# [WORK REQUIRED]
Extract the text of each entry below exactly, leaving every image behind.
:: SUPPLIED RECORDS ::
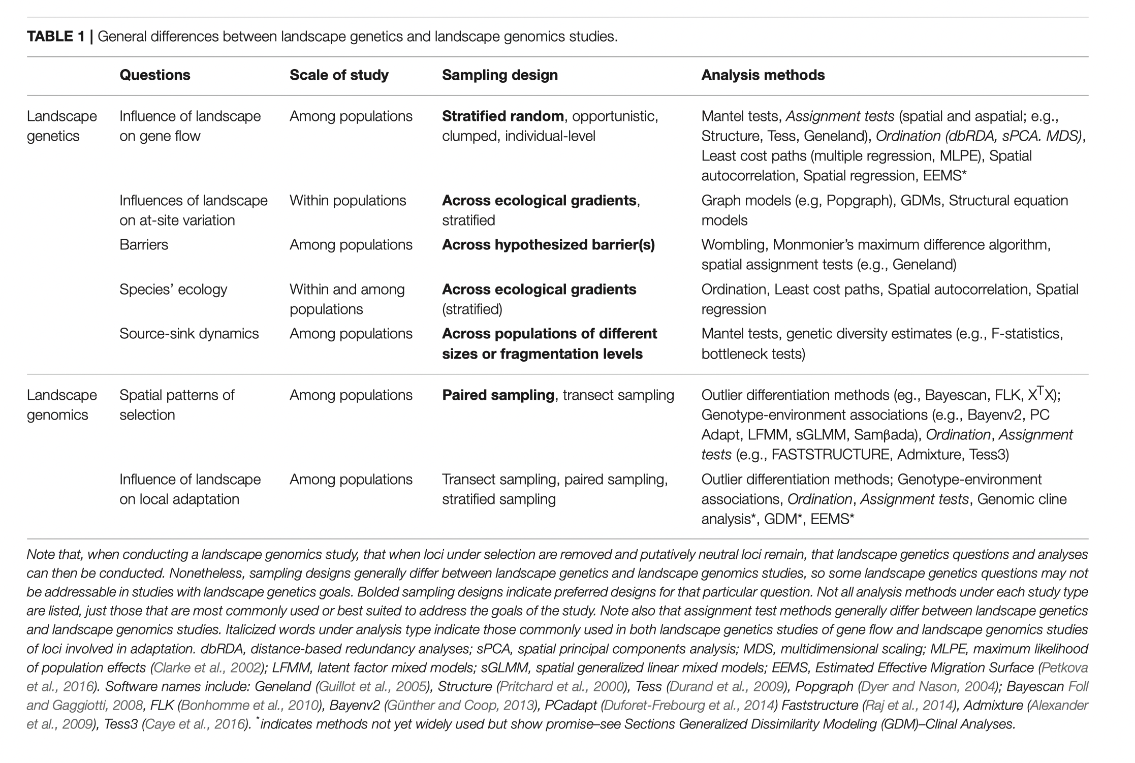 Storfer, A., Patton, A., & Fraik, A. K. (2018). Navigating the interface between landscape genetics and landscape genomics. Front Genet, 9, 68.
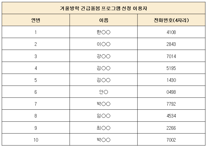 2021년 겨울방학 긴급돌봄프로그램 이용자 선정안내
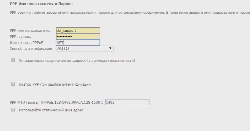 - Тут потребуется указать слой логин и пароль, который провайдер передавал вам при подключении своих услуг.
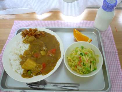 今日の献立は、カレーライス、キャベツサラダ、ネーブルオレンジ、
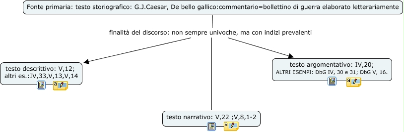 Questa Mappa Concettuale ha informazioni correlate a: testo storiografico, Fonte primaria: testo storiografico: G.J.Caesar, De bello gallico:commentario=bollettino di guerra elaborato letterariamente finalità del discorso: non sempre univoche, ma con indizi prevalenti testo narrativo: V,22 ;V,8,1-2, Fonte primaria: testo storiografico: G.J.Caesar, De bello gallico:commentario=bollettino di guerra elaborato letterariamente finalità del discorso: non sempre univoche, ma con indizi prevalenti testo descrittivo: V,12; altri es.:IV,33,V,13,V,14, Fonte primaria: testo storiografico: G.J.Caesar, De bello gallico:commentario=bollettino di guerra elaborato letterariamente finalità del discorso: non sempre univoche, ma con indizi prevalenti testo argomentativo: IV,20; ALTRI ESEMPI: DbG IV, 30 e 31; DbG V, 16.
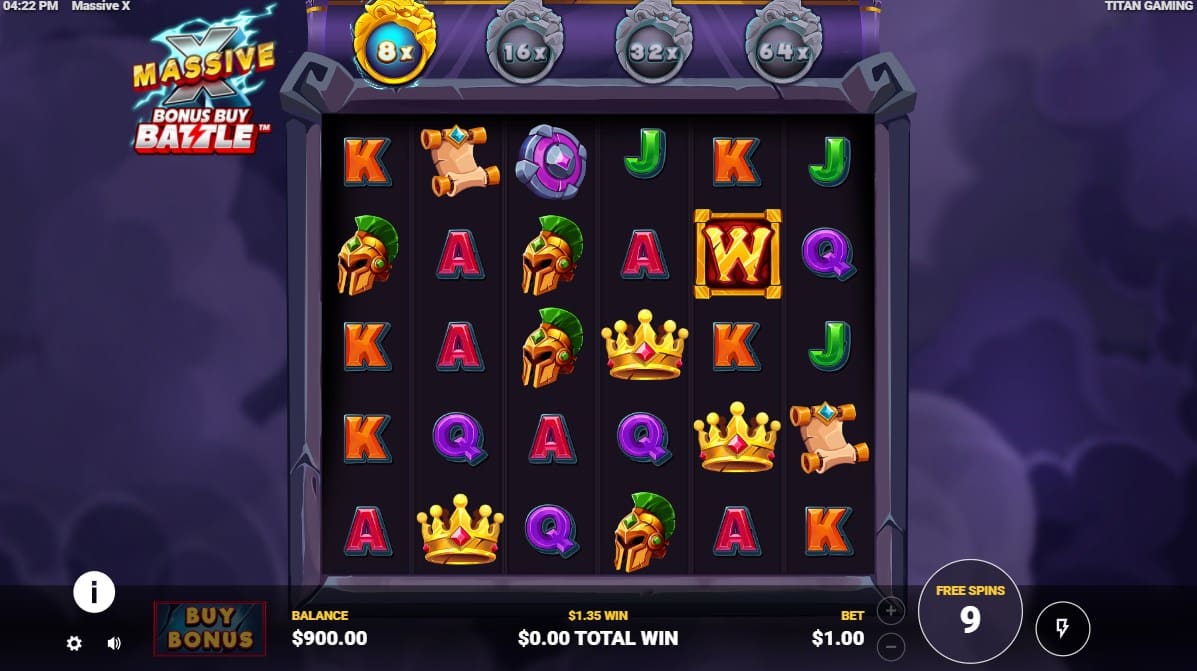 Massive X utilizes a 6×5 reel grid with Scatter Pays, requiring clusters of eight or more identical symbols anywhere on the reels to form a win. This pay-anywhere system replaces fixed paylines, allowing payouts to emerge fluidly across the grid based on cluster size and symbol value. Players begin by setting their bet and initiating a spin; matching clusters then pay out according to the paytable, where premium symbols like crows and helmets deliver the highest rewards compared to lower-value elemental icons.
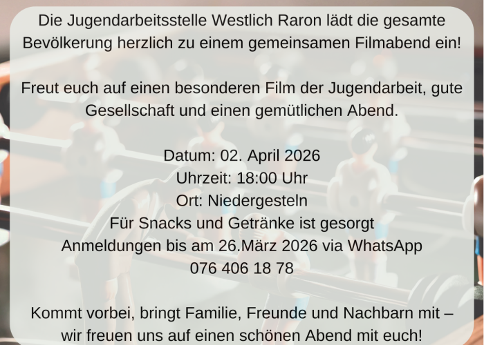 Die Jugendarbeitsstelle Westlich Raron lädt die gesamte Bevölkerung herzlich zu einem gemeinsamen Filmabend ein. Weitere Informationen entnehmen Sie bitte dem beigefügten Flyer.
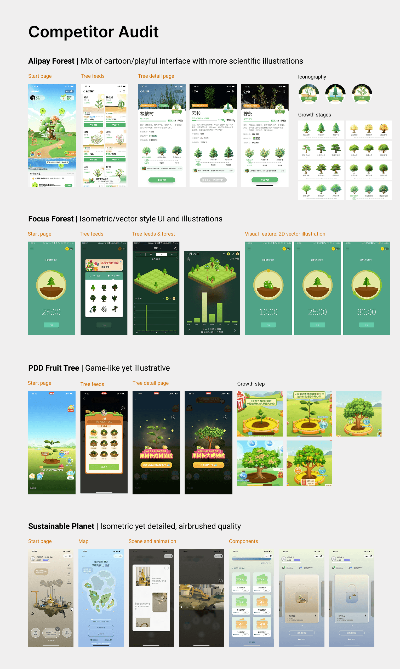 We started with an audit of competitor apps for MSN's E-Tree feature to start to identify common visual themes across similar features and establish a spectrum of cartoon-like to realistic.
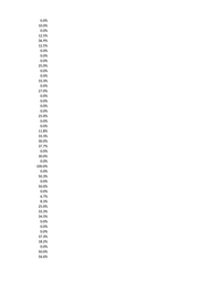 0.0% 10.0% 0.0% 12.5% 36.9% 12.5% 0.0% 0.0% 0.0% 25.0% 0.0% 0.0% 33.3% 0.0% 27.0% 0.0% 0.0% 0.0% 0.0% 25.0% 0.0% 0.0% 11.8% 33.3% 30.0% 37.7% 0.0% 30.0% 0.0% 100.0% 0.0% 50.3% 0.0% 50.0% 0.0% 6.7% 8.3% 25.0% 33.3% 34.5% 0.0% 0.0% 0.0% 37.3% 18.2% 0.0% 50.0% 56.6%
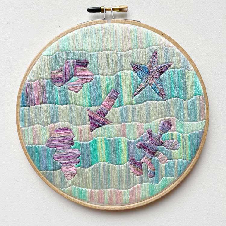 6.25″ hoop, hand dyed multi-color floss featuring full abstract design
:::
# [EXERCISE OUTPUT]
 Storfer, A., Patton, A., & Fraik, A. K. (2018). Navigating the interface between landscape genetics and landscape genomics. Front Genet, 9, 68.
 2021년 겨울방학 긴급돌봄프로그램 이용자 선정안내
 - Тут потребуется указать слой логин и пароль, который провайдер передавал вам при подключении своих услуг.
 今日の献立は、カレーライス、キャベツサラダ、ネーブルオレンジ、
 Questa Mappa Concettuale ha informazioni correlate a: testo storiografico, Fonte primaria: testo storiografico: G.J.Caesar, De bello gallico:commentario=bollettino di guerra elaborato letterariamente finalità del discorso: non sempre univoche, ma con indizi prevalenti testo narrativo: V,22 ;V,8,1-2, Fonte primaria: testo storiografico: G.J.Caesar, De bello gallico:commentario=bollettino di guerra elaborato letterariamente finalità del discorso: non sempre univoche, ma con indizi prevalenti testo descrittivo: V,12; altri es.:IV,33,V,13,V,14, Fonte primaria: testo storiografico: G.J.Caesar, De bello gallico:commentario=bollettino di guerra elaborato letterariamente finalità del discorso: non sempre univoche, ma con indizi prevalenti testo argomentativo: IV,20; ALTRI ESEMPI: DbG IV, 30 e 31; DbG V, 16.
 Massive X utilizes a 6×5 reel grid with Scatter Pays, requiring clusters of eight or more identical symbols anywhere on the reels to form a win. This pay-anywhere system replaces fixed paylines, allowing payouts to emerge fluidly across the grid based on cluster size and symbol value. Players begin by setting their bet and initiating a spin; matching clusters then pay out according to the paytable, where premium symbols like crows and helmets deliver the highest rewards compared to lower-value elemental icons.
 Die Jugendarbeitsstelle Westlich Raron lädt die gesamte Bevölkerung herzlich zu einem gemeinsamen Filmabend ein. Weitere Informationen entnehmen Sie bitte dem beigefügten Flyer.
 We started with an audit of competitor apps for MSN's E-Tree feature to start to identify common visual themes across similar features and establish a spectrum of cartoon-like to realistic.
 0.0% 10.0% 0.0% 12.5% 36.9% 12.5% 0.0% 0.0% 0.0% 25.0% 0.0% 0.0% 33.3% 0.0% 27.0% 0.0% 0.0% 0.0% 0.0% 25.0% 0.0% 0.0% 11.8% 33.3% 30.0% 37.7% 0.0% 30.0% 0.0% 100.0% 0.0% 50.3% 0.0% 50.0% 0.0% 6.7% 8.3% 25.0% 33.3% 34.5% 0.0% 0.0% 0.0% 37.3% 18.2% 0.0% 50.0% 56.6%
 6.25″ hoop, hand dyed multi-color floss featuring full abstract design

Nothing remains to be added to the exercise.